Exercise description:
Everything in the listing below must be set down again exactly, apart from the pictures.

Information supplied:
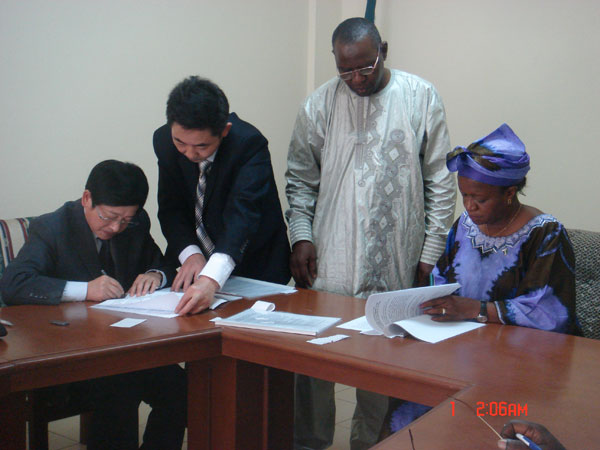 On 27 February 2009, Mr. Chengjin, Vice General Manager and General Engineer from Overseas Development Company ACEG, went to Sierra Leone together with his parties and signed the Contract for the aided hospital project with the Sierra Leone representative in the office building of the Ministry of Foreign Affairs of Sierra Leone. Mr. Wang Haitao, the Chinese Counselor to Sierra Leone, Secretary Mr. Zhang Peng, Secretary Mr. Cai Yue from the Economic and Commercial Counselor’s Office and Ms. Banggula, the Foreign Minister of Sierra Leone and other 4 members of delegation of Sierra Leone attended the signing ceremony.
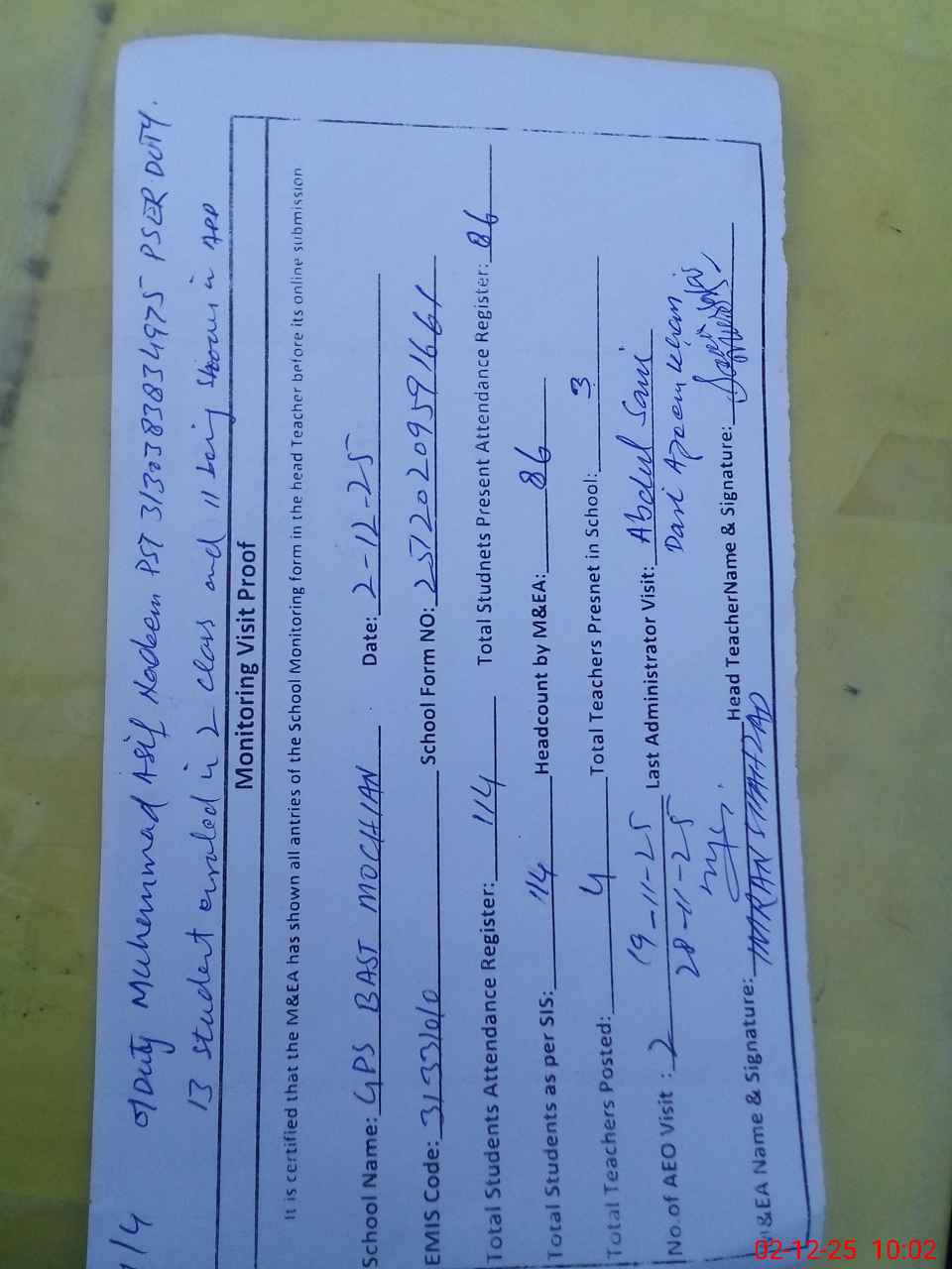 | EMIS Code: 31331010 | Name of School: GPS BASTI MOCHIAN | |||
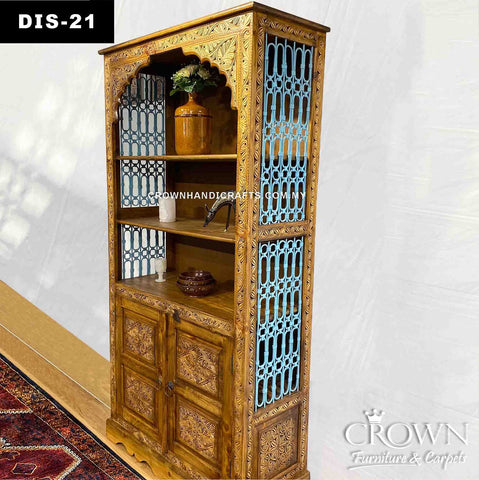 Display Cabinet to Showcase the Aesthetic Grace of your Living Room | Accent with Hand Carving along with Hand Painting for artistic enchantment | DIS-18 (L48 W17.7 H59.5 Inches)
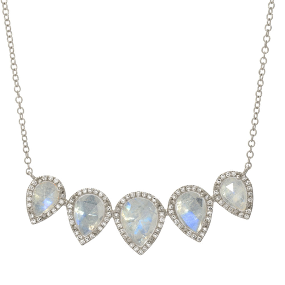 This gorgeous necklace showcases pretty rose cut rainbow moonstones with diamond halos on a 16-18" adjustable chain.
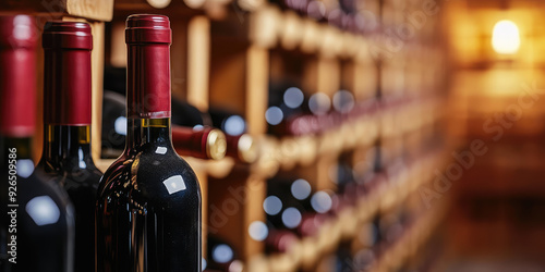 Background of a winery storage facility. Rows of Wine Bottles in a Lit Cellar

Output of the exercise:
 On 27 February 2009, Mr. Chengjin, Vice General Manager and General Engineer from Overseas Development Company ACEG, went to Sierra Leone together with his parties and signed the Contract for the aided hospital project with the Sierra Leone representative in the office building of the Ministry of Foreign Affairs of Sierra Leone. Mr. Wang Haitao, the Chinese Counselor to Sierra Leone, Secretary Mr. Zhang Peng, Secretary Mr. Cai Yue from the Economic and Commercial Counselor’s Office and Ms. Banggula, the Foreign Minister of Sierra Leone and other 4 members of delegation of Sierra Leone attended the signing ceremony.
 | EMIS Code: 31331010 | Name of School: GPS BASTI MOCHIAN | |||
 Display Cabinet to Showcase the Aesthetic Grace of your Living Room | Accent with Hand Carving along with Hand Painting for artistic enchantment | DIS-18 (L48 W17.7 H59.5 Inches)
 This gorgeous necklace showcases pretty rose cut rainbow moonstones with diamond halos on a 16-18" adjustable chain.
 Background of a winery storage facility. Rows of Wine Bottles in a Lit Cellar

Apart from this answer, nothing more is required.